The first question is far more important. Thank you
set.seed(1)
library(forecast)
library(lubridate)
library(zoo)
library(reshape)
set.seed(31)
foo <- function(myHour, myDate){
rlnorm(1, meanlog=0,sdlog=1)*(myHour) + (150*myDate)
}
Hour <- 1:24
Day <-1:90
dates <-seq(as.Date("2012-01-01"), as.Date("2012-3-30"), by = "day")
myData <- expand.grid( Day, Hour)
names(myData) <- c("Date","Hour")
myData$Adspend <- apply(myData, 1, function(x) foo(x[2], x[1]))
myData$Date <-dates
myData$Demand <-(rnorm(1,mean = 0, sd=1)+.75*myData$Adspend)

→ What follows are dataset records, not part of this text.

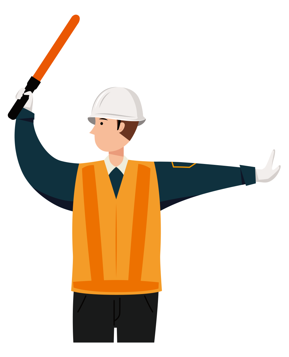 反射ベストを着た男性の交通誘導員が、右手に誘導棒を持ち、左手で停止の合図を出し交通整理をしている上半身イラストです。
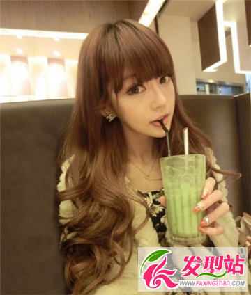 第一款是甜美可愛(ài)的小清新風(fēng)格的女生長(zhǎng)卷發(fā)發(fā)型,可愛(ài)俏皮的齊劉海發(fā)型,大波浪式的大卷發(fā)調(diào)皮有活力,活潑可愛(ài)。
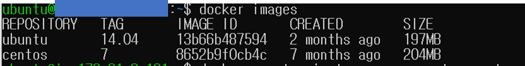 centos:7 이미지와 docker create를 통해 내려받은 ubuntu:14.04 이미지가 존재함을 확인할 수 있습니다.

## ok, done with the fake data generation.
myData
ADDate<-myData[,-4]
DemDate<-myData[,-3]
HourAD<-melt(ADDate, id=c("Date","Hour"), measured=c("Adspend"))
HourAD<-cast(HourAD,...~Hour)
ADHR<-zoo(HourAD,HourAD$Date)
HourDemand<-melt(DemDate, id=c("Date","Hour"), measured=c("Demand"))
HourDemand<-cast(HourDemand,...~Hour)
DEMHR<-zoo(HourDemand,HourDemand$Date)
DATASET <-vector("list",length(Hour))
for(i in seq_along(Hour)) { ifelse(i==1, DATASET[[i]]<-merge(DEMHR[,1],ADHR[,1],lag(ADHR[,18:24],-1),DATASET[[i]]<-merge(DEMHR[,i],ADHR[,i],DATASET[[i-1]]))}
DATASET <-vector("list",length(Hour))
for(i in seq_along(Hour)) { ifelse(i==1, DATASET[[i]]<-merge(DEMHR[,1],ADHR[,1],lag(ADHR[,18:24],-1)),DATASET[[i]]<-merge(DEMHR[,i],ADHR[,i],DATASET[[i-1]][,2:7]))}